It can be seen that the IDA allows rather good estimation of the molecular length (i.e., d_EFF = 37 Å compared to D_CC = 38 Å) for the shortest bridge, thereby confirming an earlier report³⁷ relating to EET across the same bridge but with different terminals. As the molecular length increases, however, d_EFF becomes progressively shorter than D_CC (Table 2). There are, in fact, several reports⁴⁵ in the scientific literature to indicate that the reliability of the IDA depends on the distance separating the reactants. Normally it is considered that Förster theory works well at large separations but becomes suspect when the distance between the reactants is comparable to the sum of the lengths of the transition dipole moment vectors. The carborane-based system, which spans an unusually wide variation in separation distance, appears to behave in the opposite sense! The most likely cause of this effect is that the molecular bridges are susceptible to out-of-plane bending that provides access to molecules with decreased D_CC.

Effect of lowering the temperature

It has been demonstrated experimentally that the bending rigidity of molecular surfaces is temperature dependent.⁴⁶ We might expect similar behaviour for the carborane-bridged molecular dyads under investigation here. As such, fluorescence spectra were recorded in MTHF as a function of temperature. On cooling the solution (Fig. 3), the emission maxima recorded for DPP and B undergo modest red shifts due to the temperature-induced change in polarisability of MTHF.⁴⁷ This effect is more pronounced for B than for DPP because of the increased charge-transfer character inherent to the former chromophore. As a consequence, there is a progressive decrease in the spectral overlap integral associated with intramolecular EET from DPP to B, but this remains a small effect for fluid solution. On approaching the freezing point of MTHF (i.e., 140 K), the emission maximum observed for B continues to be red shifted but that for DPP undergoes a blue shift. This reversal in the hypsochromicity has a marked effect on the spectral overlap integral in the frozen state, which is reduced with decreasing temperature. Lowering the temperature also causes a significant increase in the solvent refractive index,⁴⁸ which is also a factor involved in controlling k_EET. These various changes combine to affect the magnitude of the Förster critical distance, which falls from 54.4 Å at room temperature to 52.8 Å at 77 K.

Fig. 3 Effect of temperature on the emission spectrum recorded for B(CAR)₃DPP in MTHF following excitation into DPP. The temperature ranges from 293 to 77 K while the overall intensity increases steadily with decreasing temperature. N.B. The black line corresponds to the spectrum recorded at 293 K.

Apart from the above-mentioned spectral shifts, lowering the temperature also affects the relative ratio of intensities of the two emission bands following preferential excitation into DPP. Indeed, R_DA tends to increase in favour of emission from DPP as the temperature decreases.

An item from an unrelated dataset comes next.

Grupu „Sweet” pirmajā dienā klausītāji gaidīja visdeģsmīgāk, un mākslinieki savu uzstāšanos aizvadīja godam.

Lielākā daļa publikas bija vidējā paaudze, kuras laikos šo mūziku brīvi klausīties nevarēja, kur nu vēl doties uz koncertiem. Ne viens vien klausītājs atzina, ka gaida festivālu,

Consequently, as shown in Fig. 4, there is a progressive decrease in P_EET on lowering the temperature. The longest bridge, N = 5, suffers from limited solubility at low temperature and, in this case, the results should be treated cautiously. The shortest analogue, N = 1, is insensitive to temperature; P_EET falls from 91% at room temperature to 88% at 77 K (Table 3). On the basis of EET occurring via the Förster IDA mechanism, this drop in efficacy could be explained in terms of d_EFF increasing from 37 Å at room temperature to 38 Å at 77 K. The longer bridges display more significant temperature effects in respect of their P_EET values, before approaching a near constant value in the solid at around 100 K (Table 3). One possible explanation for this behaviour is that the average separation distance increases as the temperature falls, perhaps reaching the fully extended conformation in the glassy matrix.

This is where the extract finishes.